Larger models with specialized architectures achieved better performance in entity extraction tasks but faced notable challenges in capturing spatial relationships and integrating clinical findings. The effectiveness of few-shot learning varied across models and tasks, with larger models showing more consistent improvement patterns.

Conclusion:

These findings provide important insights into the current capabilities and limitations of language models in specialized medical domains, contributing to the development of more effective clinical documentation analysis systems.

求助全文

通过发布文献求助，成功后即可免费获取论文全文。去求助

来源期刊

Journal of Biomedical Informatics 医学-计算机：跨学科应用

CiteScore

8.90

自引率

6.70%

发文量

243

审稿时长

32 days

期刊介绍： The Journal of Biomedical Informatics reflects a commitment to high-quality original research papers, reviews, and commentaries in the area of biomedical informatics methodology. Although we publish articles motivated by applications in the biomedical sciences (for example, clinical medicine, health care, population health, and translational bioinformatics), the journal emphasizes reports of new methodologies and techniques that have general applicability and that form the basis for the evolving science of biomedical informatics.

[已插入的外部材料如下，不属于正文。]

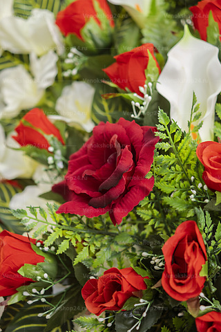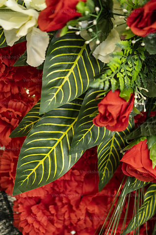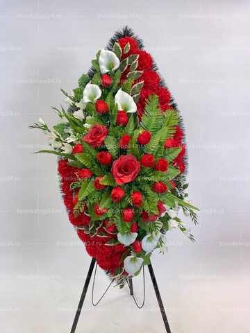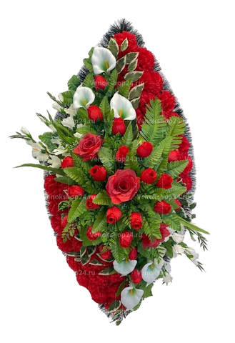Ритуальная флористическая композиция из искусственных цветов в красно-белой гамме. Центральная часть траурного венка представляет собой композицию из алых роз и карминно-красных бутонов на фоне пышной зелени папоротника. Красный тон поддерживают гвоздики с лепестками в оттенке киноварь, выложенные фоном. Белый цвет представлен вкраплениями молочных соцветий дельфиниумов и кипенно-белых цветов калл.

Articles on medical devices; evaluations of implemented systems (including clinical trials of information technologies); or papers that provide insight into a biological process, a specific disease, or treatment options would generally be more suitable for publication in other venues. Papers on applications of signal processing and image analysis are often more suitable for biomedical engineering journals or other informatics journals, although we do publish papers that emphasize the information management and knowledge representation/modeling issues that arise in the storage and use of biological signals and images. System descriptions are welcome if they illustrate and substantiate the underlying methodology that is the principal focus of the report and an effort is made to address the generalizability and/or range of application of that methodology. Note also that, given the international nature of JBI, papers that deal with specific languages other than English, or with country-specific health systems or approaches, are acceptable for JBI only if they offer generalizable lessons that are relevant to the broad JBI readership, regardless of their country, language, culture, or health system.